Help with a Real Analysis Proof

[vyro]

Homework Statement

Prove that 2^n + 3^n is a multiple of 5 for all odd n that exist in the set of natural numbers.

Homework Equations

The Attempt at a Solution

Suppose the contrary perhaps and do a proof by contradiction? Perhaps induction?

edit: done, thank you. please look at second proof :)

 

[vyro]

Also, another proof:

Homework Statement

Prove that for each a that exists in real numbers and n that exists in natural numbers there exists a rational r such that abs(a-r) < 1/n

Homework Equations

The Attempt at a Solution

I believe it has something to do with the theorem on density of rationals.

 

[boboYO]

i don't think the first question is a real analysis problem. try working in mod 5. what's 2^n mod 5 and 3^n mod 5 for odd n?

 

[vyro]

yeah, i redid the first one using a proof by induction. thanks for the response though.

 

[HallsofIvy]

Also, another proof:

Homework Statement

Prove that for each a that exists in real numbers and n that exists in natural numbers there exists a rational r such that abs(a-r) < 1/n

Homework Equations

The Attempt at a Solution

I believe it has something to do with the theorem on density of rationals.

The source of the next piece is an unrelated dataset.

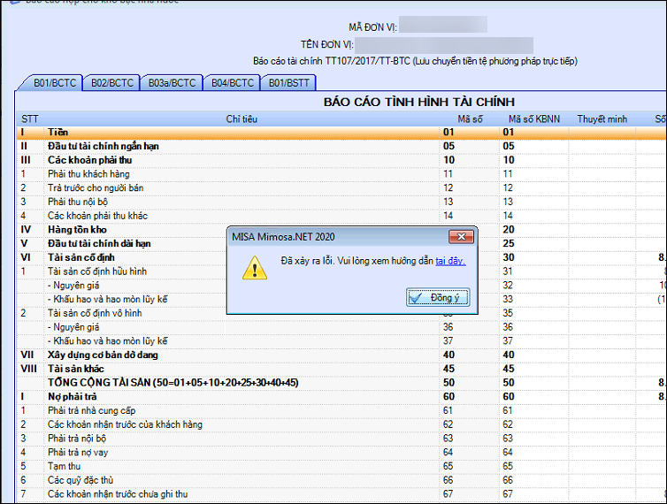 • Lỗi chung “Đã xảy ra lỗi…” khi xuất khẩu báo cáo tài chính.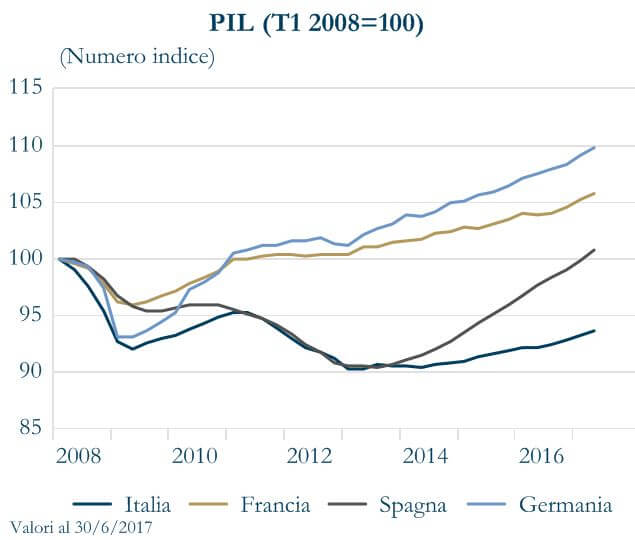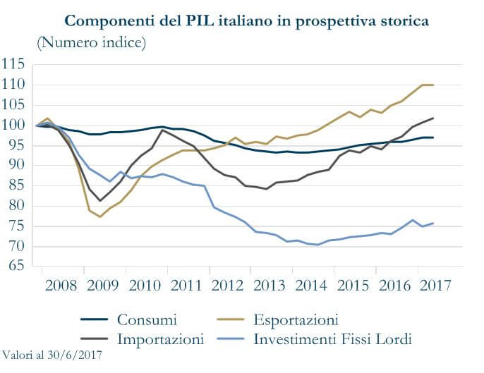 La ripresa dell’economia italiana procede con passo regolare in un quadro di più rapida crescita europea. In T2 il PIL è aumentato dello 0.4% t/t, oltre le attese, comportando un’accelerazione dell’incremento tendenziale dall’1.2% a/a all’1.5% a/a, mentre l’Area Euro nel suo complesso è cresciuta dello 0,6 t/t (pari a 2,3% a/a). Tuttavia il valore del prodotto interno lordo resta ancora inferiore al livello del 2008, mentre il PIL dell’Area Euro è tornato già in T2 2015 ai livelli pre-crisi. Particolarmente penalizzati sono gli investimenti fissi lordi, che in prospettiva storica si mantengono ad un livello nettamente inferiore al livello pre-crisi. Nella prima parte del 2017, invece, la crescita dell’economia è stata guidata dagli investimenti e dalle esportazioni in un contesto di continuo e graduale miglioramento del mercato del lavoro. Gli investimenti si sono avvantaggiati di condizioni finanziarie favorevoli e della riduzione dei margini di risorse inutilizzate, ma hanno anche messo a frutto le agevolazioni fiscali provenienti dal piano “Industria 4.0”. La componente relativa ai mezzi di trasporto si è confermata come la componente più dinamica e presenta in questa fase una crescita superiore a quella degli altri maggiori paesi dell’Area. Sugli investimenti in costruzioni, invece, incidono in negativo i vari disincentivi fiscali e di tassazione, oltre al numero elevato di immobili invenduti o vuoti. Per questo, in T2 la ripresa degli investimenti in costruzioni, più graduale, ha invece subito una battuta d’arresto, con una diminuzione che ha interessato, pressoché in egual misura, sia il comparto residenziale (-0.5%) sia quello non residenziale (-0.4%). La crescita dei consumi, che ha mostrato una relativa tenuta nella prima parte del 2017, dopo il rallentamento registrato in T3 e T4 del 2016, in T2 ha leggermente moderato il passo. Nel caso dell’Italia, la forte accelerazione di domanda di lavoro, avvenuta alla fine del 2015 e nel 2016, è stata favorita dalla decontribuzione per i nuovi assunti a tempo indeterminato. Tuttavia, il fisiologico raffreddamento che ne è seguito è risultato inferiore alle attese, a testimonianza di come il rafforzamento della ripresa della domanda, interna ed estera, stia sostenendo l’occupazione al di là degli incentivi. In termini storici, la ripresa attuale si configura come la più lenta ma longeva mai sperimentata in Italia: in dieci trimestri il PIL è cresciuto di 2.9%, poco meno dello 0.3% per trimestre, ma allo stesso tempo le riprese del passato si sono concluse prima del decimo trimestre, mentre la ripresa di oggi è ancora in corso e continuerà nella seconda parte del 2017 e nel corso del 2018 come lasciano prevedere gli indicatori anticipatori. Infatti la fiducia delle imprese ha continuato a migliorare e contemporaneamente si è assistito ad un rimbalzo della fiducia dei consumatori. Per questo, ci aspettiamo un consolidamento della ripresa economica, aiutata da un ambiente esterno favorevole e sostenuta dagli investimenti, che dovrebbero avere più spazio in questa fase congiunturale. Questa tesi è supportata anche dalle ultime previsioni del FMI, che all’interno dell’ultimo rapporto semestrale World Economic Outlook ha rivisto al rialzo la stima sulla crescita italiana, portandola a 1.5% da 1.3% di luglio sul 2017 e 1.1% da 1% sul 2018.

Yes, saying that |a- r|= |r- a|< 1/n is the same as saying that -1/n< r- a< 1/n or that a- 1/n< r< a+ 1/n. Since there exist a rational number in any interval, there exist a rational number in the interval (a- 1/n, a+ 1/n).

 

[vyro]

Yes, saying that |a- r|= |r- a|< 1/n is the same as saying that -1/n< r- a< 1/n or that a- 1/n< r< a+ 1/n. Since there exist a rational number in any interval, there exist a rational number in the interval (a- 1/n, a+ 1/n).

is that valid as a proof though, starting from the conclusion and then reaffirming it?